Drawing from our community-based collaborative projects, we have begun working with local women and Winona LaDuke’s Honor the Earth organization to develop new housing on the White Earth Reservation in Northern Minnesota.
Together, we will propose designs for new homes that celebrate the long lives of the women, enhance their current work, build places of sanctuary for themselves, their grandchildren, and future generations on their own land. Instead of being beholden to others, the nation will chart its own future through innovative local construction. The first homes will be constructed of hemp combined with local lime to create new models of sustainable, healthy homes. We will test new construction systems and propose training programs that will create new jobs. Through this process we will create models of prototypical housing for the future: healthy homes for all people.

“We were told that we would come to a point in our lives as Anishinaabe people, where we would be faced with a path with a fork in it...In the Time of the Seventh Fire, which is the time that we are in now, we are told that we would have a choice between two paths: one path they said would be well worn, but it would be scorched, and the other path would not be well-worn, and it would be green. It would be our choice upon which path to embark. I'm pretty sure that this moment in time is now, where we must take the initiative and have the courage to make that green path.” Winona LaDuke, "Material Health : Design Frontiers"
Reviewing the design in White Earth, MN
Researchers, Meryl Smith and Eric Hu, and Co-Director Alison Mears, are designing healthy affordable homes for local elders. This ongoing project is beginning with a newly constructed home for a grandmother and her four grandchildren, designed to provide security and respite for the family for generations to come. The home will be situated on forested land, purchased from the reservation, with views out to a pond beyond. This accessible and healthy home will have walls constructed of locally sourced wood framing and hemp bale insulation, with a wood rainscreen on the exterior and a plaster finish inside. The interior is designed with healthier finish materials: a kitchen made of formaldehyde free plywood, mineral paints and healthy floor finishes. The interior also provides space for the family to come together at meals and around the fireplace, a kitchen that can be used to cook meals as a family, and a playful kid’s room where the grandchildren can retreat to play or produce artwork with their grandmother. Once completed, the house will provide an example of a new form of sustainable residential construction.

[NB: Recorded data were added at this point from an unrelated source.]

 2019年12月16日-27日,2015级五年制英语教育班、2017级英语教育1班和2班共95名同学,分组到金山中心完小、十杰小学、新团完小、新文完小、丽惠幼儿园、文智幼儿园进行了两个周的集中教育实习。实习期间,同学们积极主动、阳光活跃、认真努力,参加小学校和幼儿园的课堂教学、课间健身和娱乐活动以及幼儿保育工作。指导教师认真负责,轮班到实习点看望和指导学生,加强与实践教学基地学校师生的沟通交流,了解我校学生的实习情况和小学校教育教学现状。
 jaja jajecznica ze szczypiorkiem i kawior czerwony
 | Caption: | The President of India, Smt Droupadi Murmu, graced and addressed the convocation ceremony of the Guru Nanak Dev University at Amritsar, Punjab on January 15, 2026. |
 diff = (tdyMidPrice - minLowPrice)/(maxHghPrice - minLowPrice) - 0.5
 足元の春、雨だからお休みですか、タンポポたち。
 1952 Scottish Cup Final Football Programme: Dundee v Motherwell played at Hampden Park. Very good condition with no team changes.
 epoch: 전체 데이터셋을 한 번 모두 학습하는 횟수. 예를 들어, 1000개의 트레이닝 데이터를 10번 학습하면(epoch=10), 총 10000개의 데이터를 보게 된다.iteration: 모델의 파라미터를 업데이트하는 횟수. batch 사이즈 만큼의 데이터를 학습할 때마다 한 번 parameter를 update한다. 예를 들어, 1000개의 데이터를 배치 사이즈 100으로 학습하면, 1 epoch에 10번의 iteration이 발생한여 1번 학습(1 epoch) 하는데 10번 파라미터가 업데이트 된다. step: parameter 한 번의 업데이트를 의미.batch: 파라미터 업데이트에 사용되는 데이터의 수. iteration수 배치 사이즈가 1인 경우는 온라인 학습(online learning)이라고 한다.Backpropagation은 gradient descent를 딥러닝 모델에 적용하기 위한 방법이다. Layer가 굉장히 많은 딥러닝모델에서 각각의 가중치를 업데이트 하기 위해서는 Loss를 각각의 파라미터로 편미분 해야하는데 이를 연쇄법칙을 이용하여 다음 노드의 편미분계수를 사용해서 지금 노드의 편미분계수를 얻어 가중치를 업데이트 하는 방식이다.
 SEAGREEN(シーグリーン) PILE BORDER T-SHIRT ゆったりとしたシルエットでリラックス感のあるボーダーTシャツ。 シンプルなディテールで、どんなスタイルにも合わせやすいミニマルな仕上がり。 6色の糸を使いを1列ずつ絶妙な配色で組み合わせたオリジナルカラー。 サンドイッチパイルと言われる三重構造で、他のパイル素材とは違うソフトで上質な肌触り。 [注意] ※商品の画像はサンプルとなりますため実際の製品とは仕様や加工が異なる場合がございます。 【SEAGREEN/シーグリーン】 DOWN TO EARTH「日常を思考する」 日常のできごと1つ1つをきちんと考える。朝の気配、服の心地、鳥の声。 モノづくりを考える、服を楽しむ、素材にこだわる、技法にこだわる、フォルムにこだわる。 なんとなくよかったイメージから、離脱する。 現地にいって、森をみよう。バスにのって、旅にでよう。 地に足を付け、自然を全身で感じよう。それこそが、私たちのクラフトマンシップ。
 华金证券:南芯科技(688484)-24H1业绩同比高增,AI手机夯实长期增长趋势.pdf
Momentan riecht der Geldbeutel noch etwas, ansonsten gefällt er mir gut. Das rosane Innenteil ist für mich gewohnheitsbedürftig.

On site with Winona LaDuke
Winona LaDuke’s Farm
The building site for a newly constructed healthy home
The existing Snellman Store will be renovated using hemp and lime
Visiting a local lumber mill
Since June 2021, HML’s co-directors, Alison Mears and Jonsara Ruth, have visited White Earth, in Northern Minnesota, to speak with Winona LaDuke about hemp production, visit a local lumber mill, meet the women who are in need of housing and learn more about the specific needs of families and the community. During their visits we learned that there are multiple opportunities to invigorate local industries, from the manufacturing of industrial hemp for various uses to the production of wall hung solar panels that are made locally. In the summer and early fall we created a range of architectural designs that were reviewed by the future residents. October 2021, we returned to White Earth to meet with the new homeowner, and with her input finalize the designs for the houses and begin construction documentation. Along with the drawings for construction, we will also create a construction manual that illustrates novel construction techniques to support the local team during construction. We will specify and source healthier materials for use in construction. The construction will provide on-site training for builders to learn novel construction techniques that can be used on future projects. We are also working with Honor the Earth to create and present one of the lessons on Hemp Building for the Inaugural Tribal Hemp class in collaboration with Anishinaabe Agriculture Institute.